La storica sede di via Marszalkowska si appresta a diventare un pulsante centro d’interscambio italo-polacco?

Me lo auguro, già oggi la nostra sede è frequentata da centinaia di giovani che studiano l’italiano e l’obiettivo è quello di farli sentire sempre più a loro agio, qui all’Istituto devono trovare una sorta di accoglienza italiana. Abbiamo poi in progetto un parziale restauro per dare ai locali uno standard museale che ci consenta di ospitare mostre di qualità.

In questi primi mesi varsaviani cosa ti ha colpito di quest’ambiente?

Sicuramente l’alto livello degli studi di italianistica, docenti preparatissimi e studenti appassionati. Per quanto riguarda il rapporto con l’Italia penso che la Polonia si distingua rispetto ad altri paesi, qui i famosi ponti culturali sono antichi e solidi e ce ne sono tanti altri da costruire perché il terreno è fertile.
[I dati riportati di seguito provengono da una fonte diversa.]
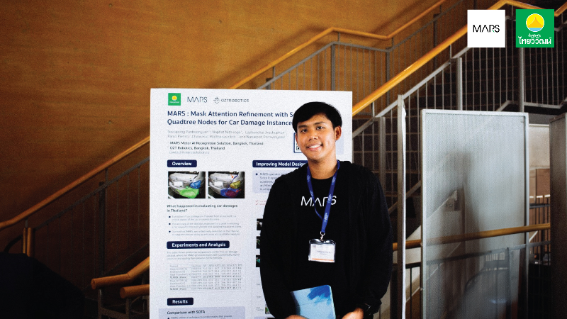 บริษัท มอเตอร์ เอไอ เรคอกนิชั่น โซลูชั่น จำกัด หรือ “MARS” Deep Tech Startup บริษัทในเครือ บริษัท ประกันภัยไทยวิวัฒน์ จำกัด (มหาชน) ผู้นำนวัตกรรมด้านการประกันภัย และผู้พลิกโฉมอุตสาหกรรมประกันภัยไทยด้วยประกันรถเปิดปิด จ่ายตามที่ขับจริง ช่วยประหยัดสูงสุดถึง 80% สตาร์ตอัปหนึ่งเดียวในภูมิภาคเอเชีย นำโดย ดร.ธีรพงศ์ ปานบุญยืน AI/ML Senior Team Lead ในฐานะหัวหน้าทีม MARS Artificial Intelligence Laboratory (MARSAIL) ได้รับเกียรติเชิญเข้าร่วมแชร์ไอเดียเทคนิคสุดยอดนวัตกรรมประกันภัยไทยสู่สายตาโลก กับเทคนิคการนำเทคโนโลยี AI มาใช้เพื่อการตรวจจับความเสียหายของรถยนต์ งานประชุมเชิงวิชาการ International Conference on Image Analysis and Processing (ICIAP2023) ณ เมืองอูดิเน ประเทศอิตาลี ซึ่งเป็นงานประชุมที่คัดสรรผลงานด้านการพัฒนาเทคโนโลยีรวมถึงนวัตกรรมด้าน AI มาเพื่อเผยแพร่และนำเสนอสู่สายตาชาวโลก
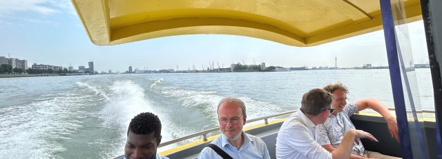 Daarna gingen we in gesprek over de toekomst van de Rotterdamse haven met het Havenbedrijf en Deltalinqs. Vanuit de ChristenUnie sloot Pieter Grinwis zich ook aan, waardoor alle drie bestuurslagen aan tafel vertegenwoordigd waren. De maatschappelijke opgaven waarmee de Rotterdamse haven worstelt, zoals stikstof, energietransitie en woningbouw, manifesteren zich immers ook op landelijk, provinciaal en lokaal niveau. Iedereen aan tafel was het erover eens dat we de handen ineen moeten slaan om de 'vijftig kilometer industrieel genot' in Rotterdam te behouden én toekomstbestendig te maken. Dat kan niet met zwabberbeleid; dat vereist scherpe keuzes en een langetermijnvisie, aldus Pieter Grinwis.
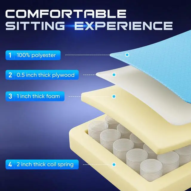 - Sofa-Inspired Cushioning The seat is equipped with individually wrapped pocket springs, offering resilient bounce and adaptive pressure relief. Enjoy the same plush comfort youd expect from a premium sofa during long gaming or work hours.
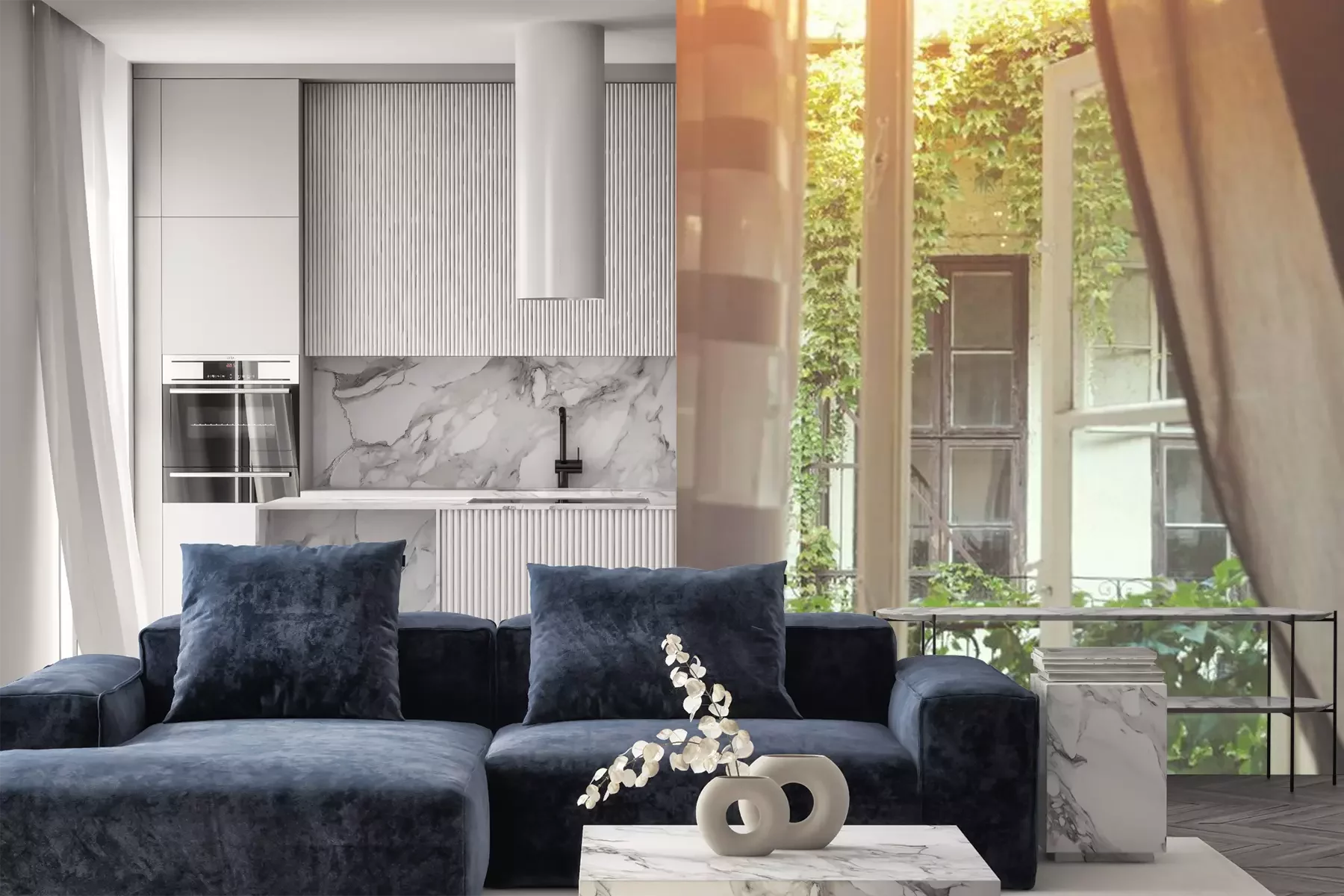 Het materiaal Premium is een glad vinyl op vlies, dat bestand is tegen uitrekken en vervorming. Het is dampdoorlatend – de muren kunnen vrij ademen – waardoor het geschikt is voor gebruik in de keuken en badkamer. Bij vervuiling kan het materiaal worden afgenomen met een vochtige doek. De maximale breedte van één baan bedraagt 95 of 105 cm, afhankelijk van de beschikbaarheid. Montage vindt plaats met de rand-aan-rand methode, wat een esthetisch resultaat zonder zichtbare naden oplevert. Omdat de lijm rechtstreeks op de muur wordt aangebracht, verloopt de installatie van het fotobehang snel en eenvoudig.
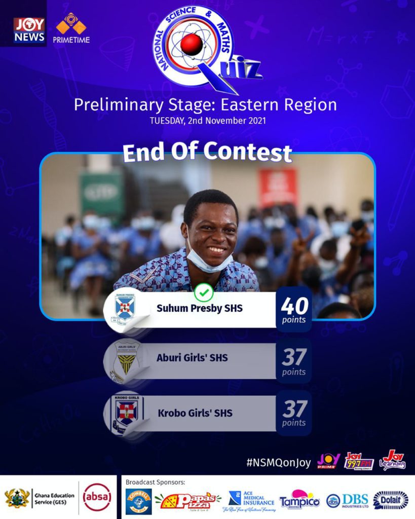 Suhum Presby SHS won the contest with just three points difference as they recorded 40 points at the end of the 'fire' contest which took place on Tuesday.

Inoltre la profondità dei rapporti italo-polacchi e la qualità dello studio dell’italiano creano un tessuto sociale che invita le aziende italiane ad investire, in pratica avviene l’opposto di quello che succede in altri paesi dove lo studio dell’italiano segue a ruota i rapporti economici, qui è la cultura il traino, una cosa bellissima e rarissima.

La rivincita della cultura è forse il segno di tempi in cui c’è bisogno di visioni e non solo di sviluppo tecnologico?

È un discorso complesso, ma mi sento di dire che in questi anni, segnati dalla pandemia, si è visto come il pensiero esclusivamente tecnicistico abbia mostrato i suoi limiti, c’è bisogno che la tecnica sia invece al servizio di una visione umanistica. Provo a sintetizzare con un esempio: quando ero a New York avevo molti amici che superati i 40 anni sentivano il bisogno di conoscere il mondo, di capire chi erano e che vita stavano conducendo. Persone bravissime e di successo finché agivano all’interno dei confini del loro lavoro ma che

Paolo Lemma, Fabio Troisi, Luigi Iannuzzi, fot. Monika Mraczek

fuori di quest’ambito sentivano la carenza di strumenti per capire molti aspetti della vita. Ecco penso che ci sia bisogno di un riequilibrio tra cultura umanistica e scientifica. L’esperienza di direttore dell’Istituto Italiano di Cultura di Pretoria mi ha ulteriormente convinto su questo approccio, l’Africa mi ha insegnato a relativizzare, a capire che siamo tutti parte di uno stesso pianeta e che per convivere dobbiamo capirci guardandoci intorno e non solo focalizzandoci sul nostro lavoro.